Ян Потоцкий - Рукопись, найденная в Сарагосе
Хотя Бускерос велел мне сначала отнести бутыль Агудесу, а потом вернуться на улицу Толедо и разведать планы соседей моего отца, я, не видя в том большой беды, направился сперва к соседнему дому. Жильцы уже съезжали с квартиры, и я решил внимательно следить за будущими постояльцами.
Затем я побежал на площадь Севада, легко нашел дом бакалейщика, но к самому поэту добраться было много трудней. Я долго карабкался по черепицам, перелезал через водосточные желоба и навесы. Наконец, очутившись подле какого-то оконца, увидел фигуру, еще более курьезную, чем описывал Бускерос. Агудес, казалось, был во власти божественного вдохновения, и, увидев меня, он обратился ко мне с такими стихами:
О смертный, на пути своей воздушной колесницы Ты топчешь шифера лазурь с кармином черепицы И крыши острые коньки, что в небе из сапфира.
Быть может, принесло тебя дыхание Зефира?
Что привело тебя ко мне?
Я отвечал ему:
Я, бедный невежда, Тебе, Агудес, чернила принес.
Поэт продолжал:
О, дай мне эту жидкость, чей секрет В том, что в ней сталь свой растворила цвет, А ядрышко чернильного ореха, Смешавшись с шумной влагой Ипокрены, В душе моей тотчас находит эхо И пробуждает в ней восторг священный.
– Сеньор Агудес, – сказал я, – твоя похвала, несомненно, доставила бы огромную радость сеньору Тинтеро, который их изготовляет. Но скажи, сеньор, не мог ли бы ты говорить прозой: я привык именно к этому способу выражения мыслей.

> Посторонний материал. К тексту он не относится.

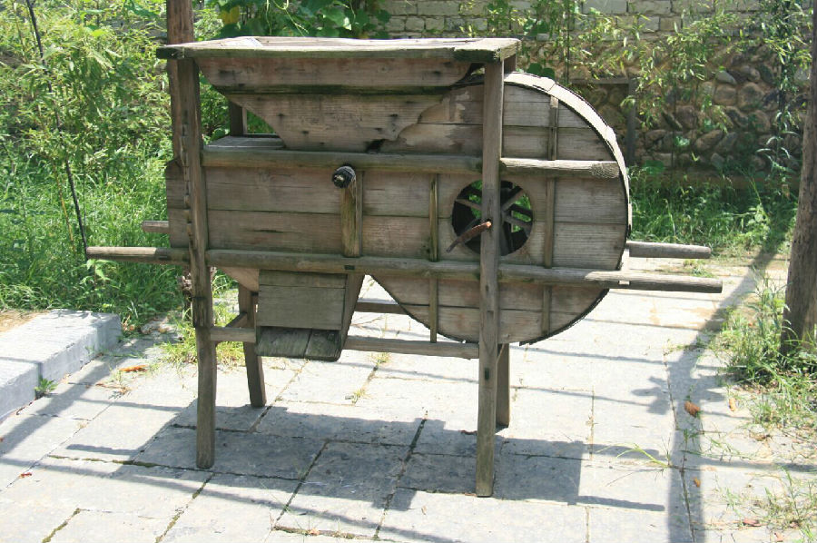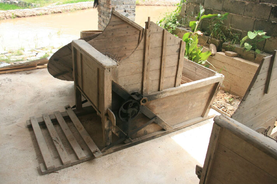 风(谷)车,摇动手柄,带动叶轮,产生风力,除去糙米杂质、瘪粒、秆屑、谷壳等。

– А я, мой друг, – ответил поэт, – никогда к нему не привыкну. Больше того, я избегаю общения с людьми из-за их пошлой и низменной манеры выражаться. Всегда, прежде чем написать стихотворение, я долгое время питаю свою душу поэтическими образами и разговорами сам с собой словами звучными, исполненными гармонии. Если сами по себе они не таковы, то становятся поэтичными, когда я их соединяю между собой, творя как бы музыку души. Благодаря этой способности, я создал совершенно новый род поэзии. До этого ее язык был ограничен жалким количеством выражений, считавшихся возвышенными. Я ввел в поэзию все слова из нашего языка. В стихах, которые ты только что услышал, я упомянул черепицу, шифер, чернильный орех.
– Конечно, тебе никто не запрещает пользоваться в стихах любыми словами, но скажи, становятся ли они от этого лучше?
– Лучших стихов вообще не существует; они пользуются огромной популярностью. Моя поэзия – универсальный инструмент, особенно описательная, которую я, собственно говоря, создал. Она служит для описания предметов, которые не стоят того, чтобы на них обращали внимание.
– Описывай, сеньор Агудес, все, что тебе угодно, но скажи, пожалуйста, написал ли ты обещанную дону Бускеросу сатиру?
– В хорошую погоду я сатиры не пишу. А вот когда настанут ненастные дни, пойдут дожди и небо затянется тучами, тогда приходи за сатирой.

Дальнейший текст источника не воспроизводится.